Errore nel quadro LM dopo l’invio: cosa fare

Se ti accorgi di un errore dopo aver trasmesso Redditi PF, la soluzione dipende dal momento in cui lo scopri e dall’effetto dell’errore. Entro il termine ordinario può essere possibile inviare una dichiarazione correttiva; successivamente si entra nel campo della dichiarazione integrativa e, quando emerge un maggior debito, del ravvedimento.

La procedura pratica è spiegata nella guida su cosa fare dopo l’invio della dichiarazione dei redditi.

Fonti ufficiali per controllare il quadro LM 2026

  • Agenzia delle Entrate – Quadro LM Redditi PF 2026, con istruzioni e indicazioni sulla precompilazione;
  • Agenzia delle Entrate – Redditi PF Web, per la compilazione telematica;
  • Agenzia delle Entrate – Scadenze dichiarazione precompilata 2026.

Domande frequenti sul quadro LM del regime forfettario

Quale sezione del quadro LM compila il regime forfettario nel 2026?

Nel Modello Redditi PF 2026 i contribuenti in regime forfettario utilizzano la Sezione III del quadro LM, dedicata al regime forfetario disciplinato dalla Legge 190/2014.

Nel quadro LM 2026 devo usare ATECO 2025 o ATECO 2007?

Entrambi hanno un ruolo. Il codice ATECO 2025 è indicato nei dati dell’attività di LM21, mentre nei righi LM22-LM27 le istruzioni richiedono ancora il codice ATECO 2007 per individuare il coefficiente di redditività nella fase transitoria.

Nel quadro LM devo indicare fatturato o incassi?

Nel regime forfettario opera il principio di cassa: per determinare il reddito occorre verificare i ricavi o compensi effettivamente percepiti nel periodo d’imposta, non limitarsi al totale delle fatture emesse.

Se ho più codici ATECO devo compilare più righi LM?
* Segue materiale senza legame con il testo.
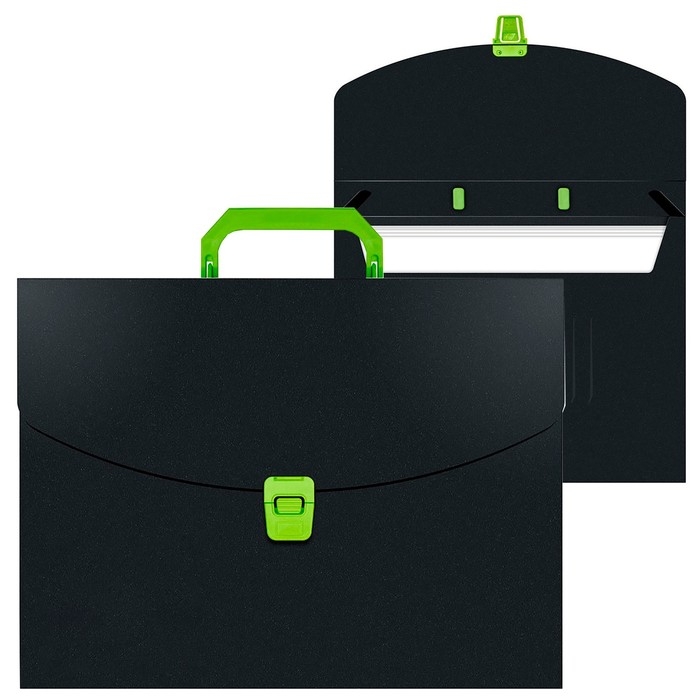 Папка портфель А4, 700 мкм, 1 отделение, Calligrata, чёрный с салатовым

Non sempre. Se le attività rientrano nello stesso gruppo merceologico con lo stesso coefficiente, i dati possono essere aggregati secondo le istruzioni; se appartengono a gruppi differenti, i componenti positivi devono essere separati nei righi previsti.
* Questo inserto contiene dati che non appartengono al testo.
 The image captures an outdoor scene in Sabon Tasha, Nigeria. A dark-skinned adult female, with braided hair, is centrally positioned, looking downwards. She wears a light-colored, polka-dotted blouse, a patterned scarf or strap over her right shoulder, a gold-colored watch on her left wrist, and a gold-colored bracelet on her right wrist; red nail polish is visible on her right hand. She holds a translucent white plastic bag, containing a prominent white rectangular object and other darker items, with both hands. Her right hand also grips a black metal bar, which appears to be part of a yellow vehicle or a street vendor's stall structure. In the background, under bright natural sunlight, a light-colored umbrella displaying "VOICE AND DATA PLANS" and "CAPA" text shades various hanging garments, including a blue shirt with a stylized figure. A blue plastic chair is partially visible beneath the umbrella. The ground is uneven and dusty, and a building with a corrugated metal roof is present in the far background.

Dove si indicano i contributi INPS nel quadro LM?

Per i contribuenti forfettari i contributi previdenziali obbligatori riferibili all’attività e deducibili secondo le regole applicabili vengono gestiti nel rigo LM35. I dati precompilati presenti nel foglio informativo devono essere verificati.
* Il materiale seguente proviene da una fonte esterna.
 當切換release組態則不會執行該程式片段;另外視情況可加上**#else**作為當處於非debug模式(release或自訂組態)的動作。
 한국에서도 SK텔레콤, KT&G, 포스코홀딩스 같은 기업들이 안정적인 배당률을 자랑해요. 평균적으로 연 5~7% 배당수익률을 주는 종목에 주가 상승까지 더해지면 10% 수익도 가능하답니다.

Posso accettare il quadro LM precompilato senza controllarlo?

È sconsigliato. L’Agenzia utilizza fatture elettroniche, corrispettivi e altre informazioni disponibili, ma il contribuente deve verificare incassi, codici attività, contributi, crediti e acconti prima dell’invio.

Dove viene calcolata l’imposta sostitutiva del forfettario?

Il quadro LM porta dai ricavi o compensi al reddito imponibile e all’imposta sostitutiva; per il regime forfettario il risultato dell’imposta è esposto al rigo LM39, prima della gestione di crediti ed eccedenze nei righi successivi.

Se sbaglio il quadro LM posso correggere la dichiarazione?

Sì, ma la procedura dipende da quando scopri l’errore e dal suo effetto fiscale. Può essere necessaria una dichiarazione correttiva o integrativa e, se emerge un maggior debito, anche il ravvedimento.